→ **RECORDS SHOWN**:
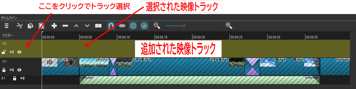 映像トラックV2を選択します。
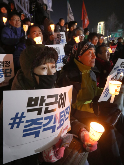 쌀쌀한 날씨를 보인 22일 오후 서울 파이낸스빌딩 앞에서 시민들이 박근혜 대통령의 하야를 촉구하는 촛불집회를 하고 있다./연합뉴스
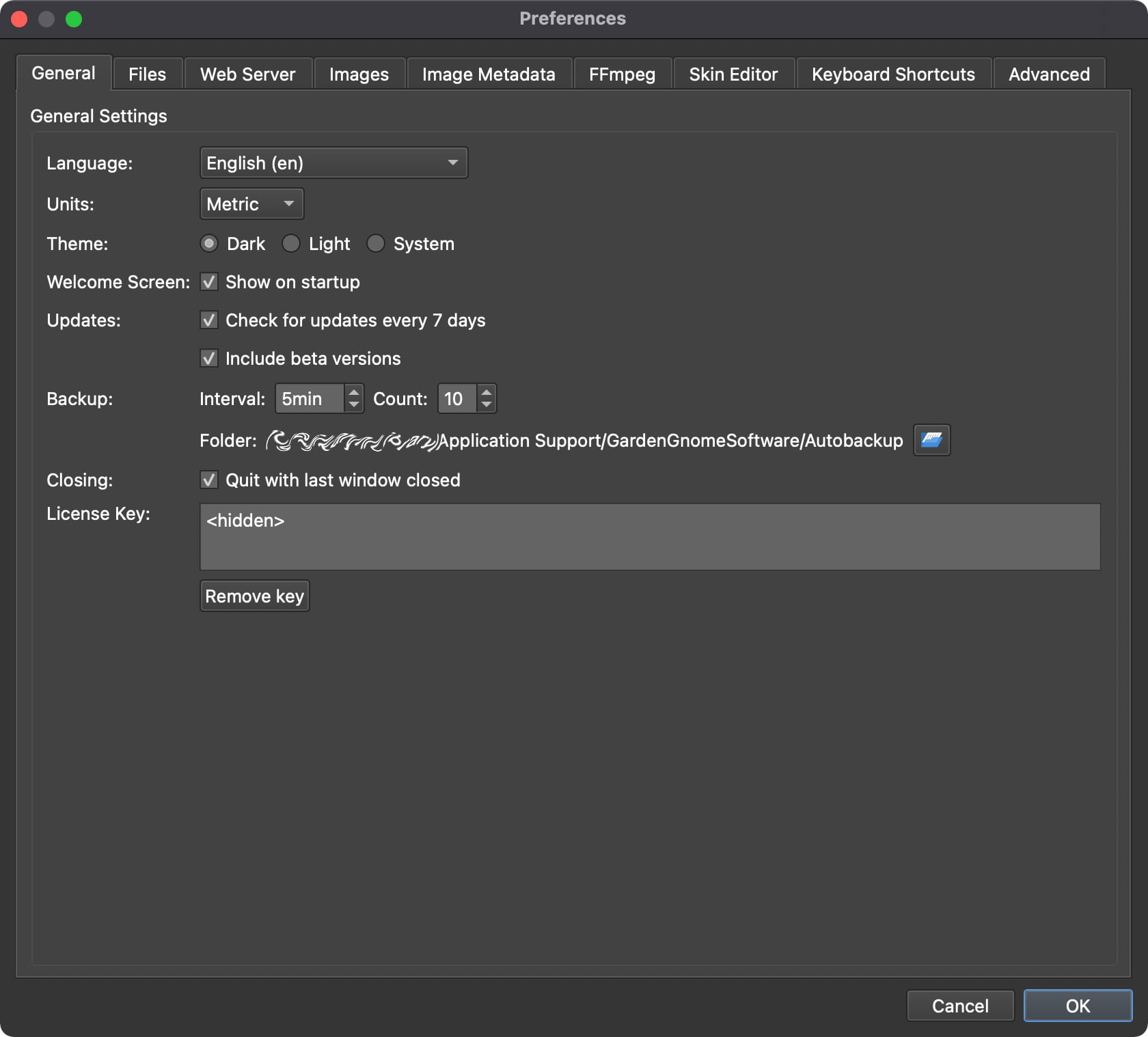 License Key – Add your license key here. When the license is added, <hidden> will be seen in the box. Click Remove Key to remove the key and return to Trial mode (or select the text and hit delete). To add a new key (e.g when upgrading), click Remove Key and paste your new key in the box.
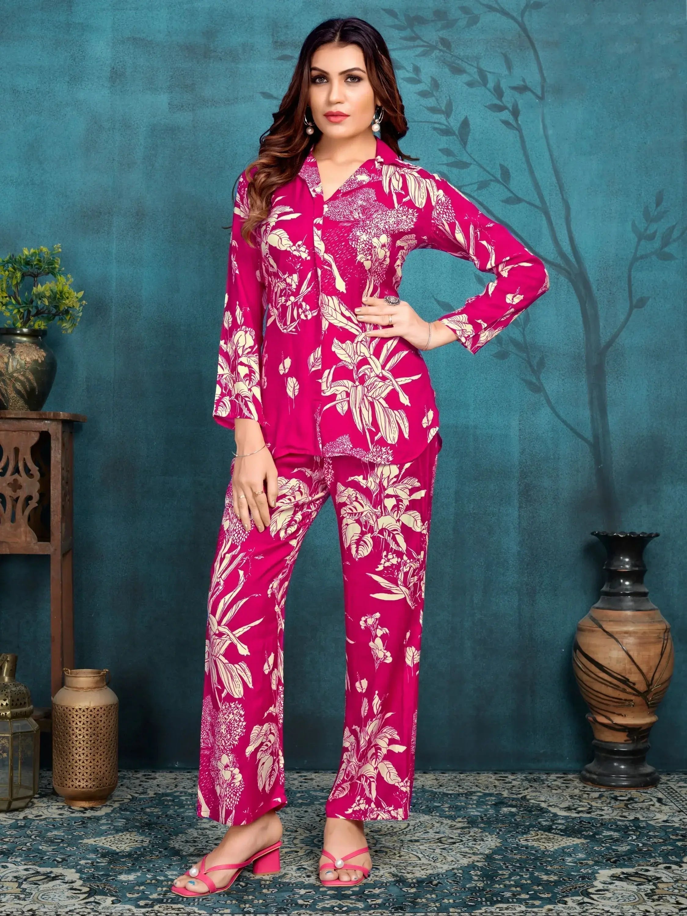 Our stunning "gorgeous rani pink digital printed muslin silk casual wear co-ord set", is a must-have addition to your wardrobe for the upcoming festive season. Made from high-quality muslin silk material, this pantsuit features intricate digital printed work that adds a touch of elegance and sophistication to your look. The set includes a matching pair of muslin silk pants with digital printed work, creating a coordinated and stylish ensemble that is perfect for special occasions.
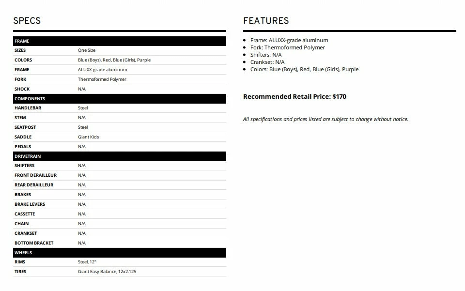 This fun little push bike features a sleek design built around a lightweight yet durable aluminum frame and an innovative high-strength thermoformed polymer fork. It has a low stand-over height that makes it more manageable for small riders, and its smooth-rolling 12-inch wheels, along with a footrest, will help him get the hang of balancing on two wheels.
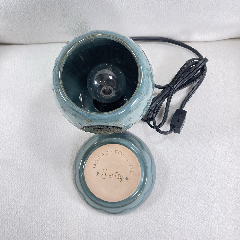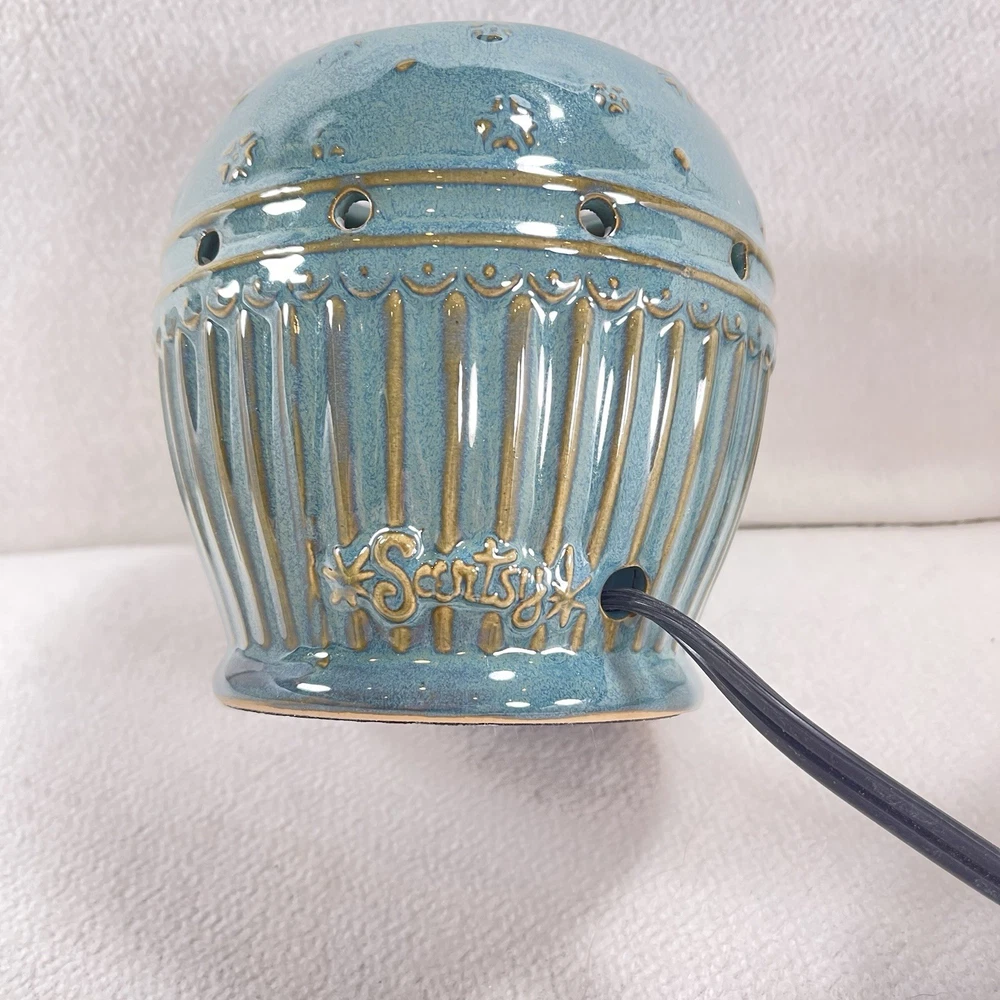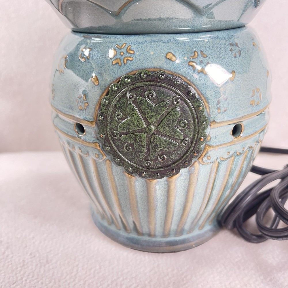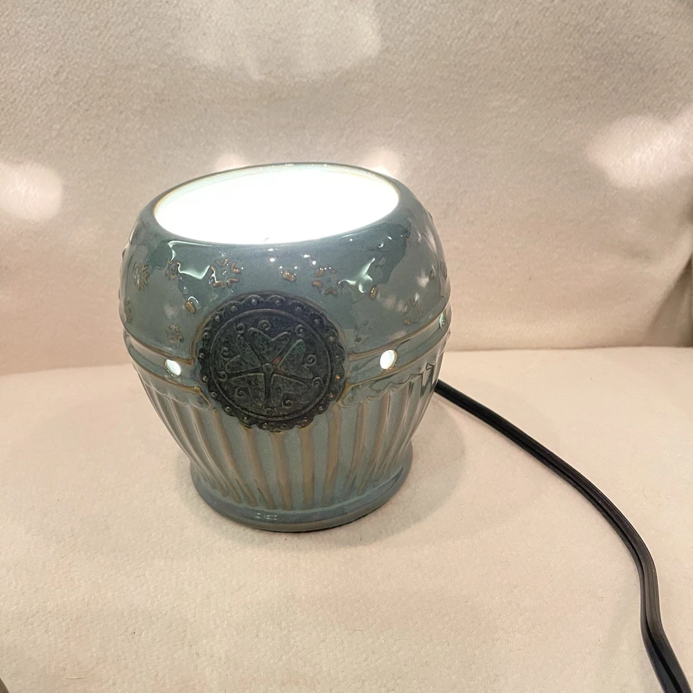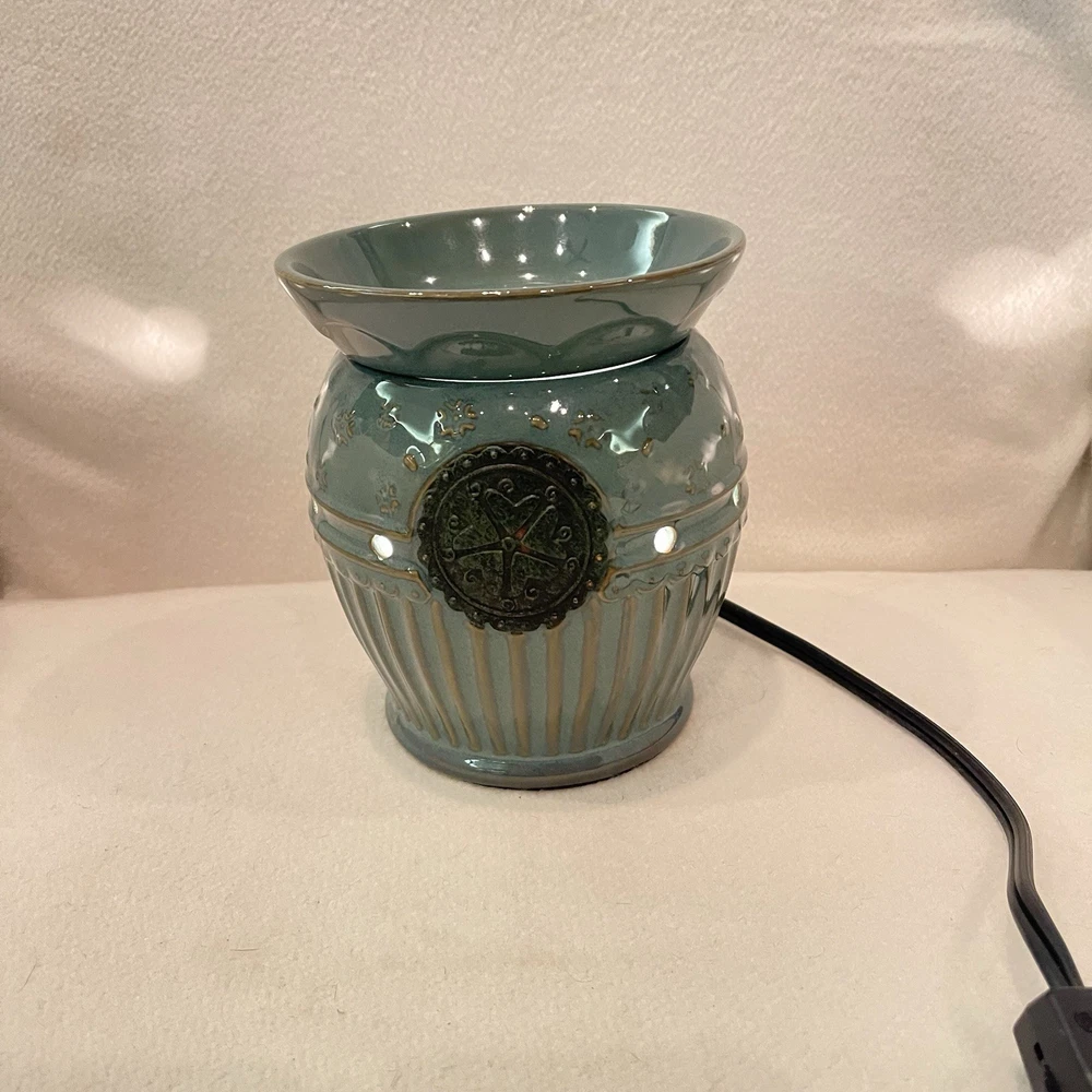 Scentsy VICTORIA Wax Warmer Burner Full Size Teal Blue with Flower Seal RETIRED
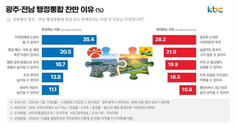 '광주·전남 행정통합' 찬성, 반대 보다 두 배 높다...경제적 효과 기대[KBC 여론조사]
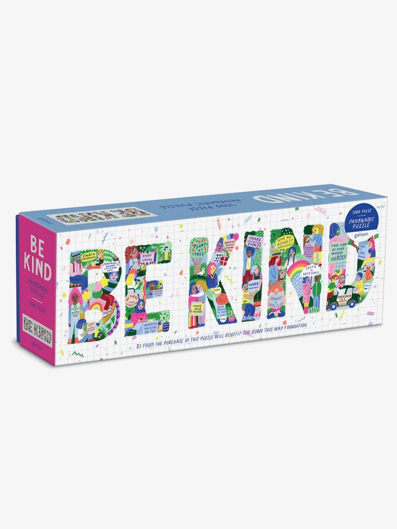 The Be Kind Panoramic puzzle is a collaboration with the Born This Way Foundation that focuses on the very important message of being kind! Included in the box is a 21 Days of Kindness Fill-In Calendar that you can fill in with your own kindness prompts.
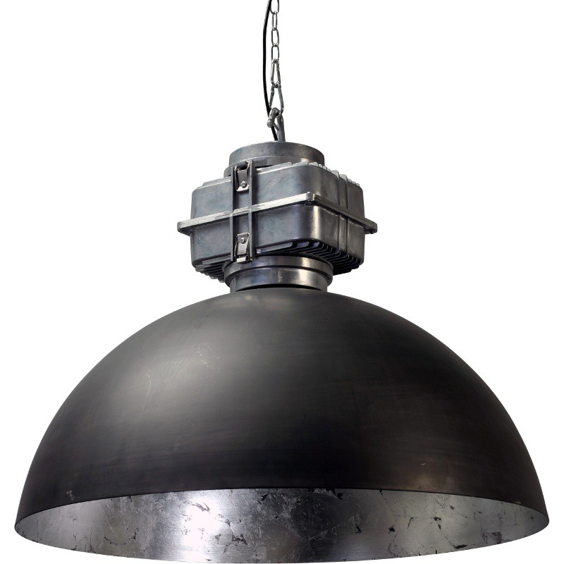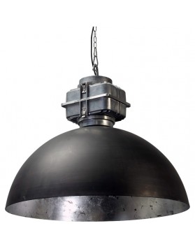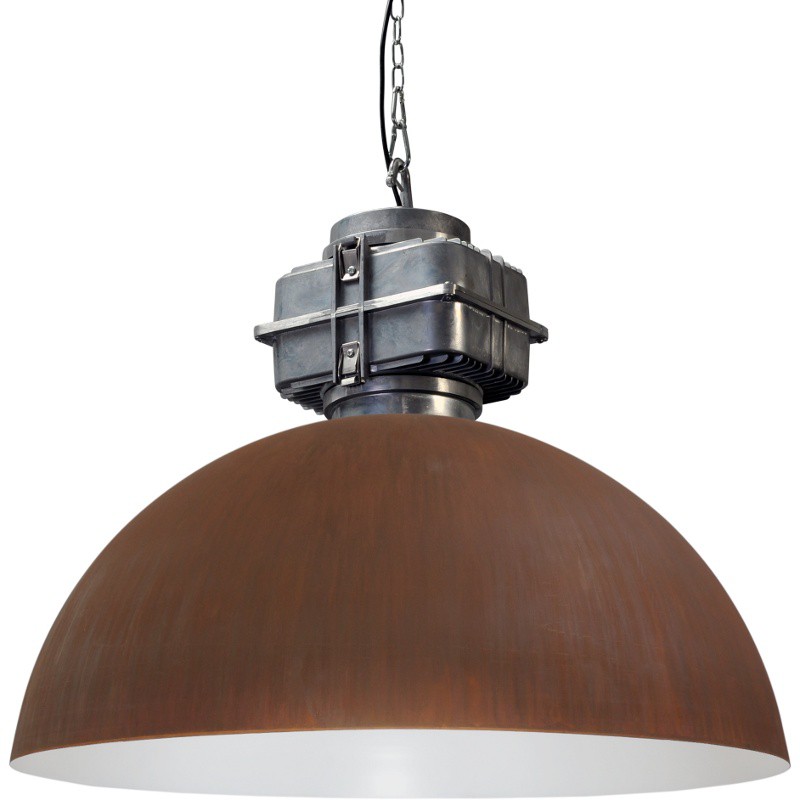 Lámpara de suspensión industrial en acero. Acabados exterior oxidado o color plomizo. Interior en 3 opciones: blanco, pan de oro o pan de plata. Altura del cuerpo 63 cm. Diámetro de la pantalla 80cm. Bombilla E27 max. 75W.

→ **WORK ORDER**: Return exactly the lines of the material above, starting at the line containing "쌀쌀한 날씨를 보인 22일" and finishing at the line containing "License Key –", without any pictures.

→ **RESULT BELOW**:
 쌀쌀한 날씨를 보인 22일 오후 서울 파이낸스빌딩 앞에서 시민들이 박근혜 대통령의 하야를 촉구하는 촛불집회를 하고 있다./연합뉴스
 License Key – Add your license key here. When the license is added, <hidden> will be seen in the box. Click Remove Key to remove the key and return to Trial mode (or select the text and hit delete). To add a new key (e.g when upgrading), click Remove Key and paste your new key in the box.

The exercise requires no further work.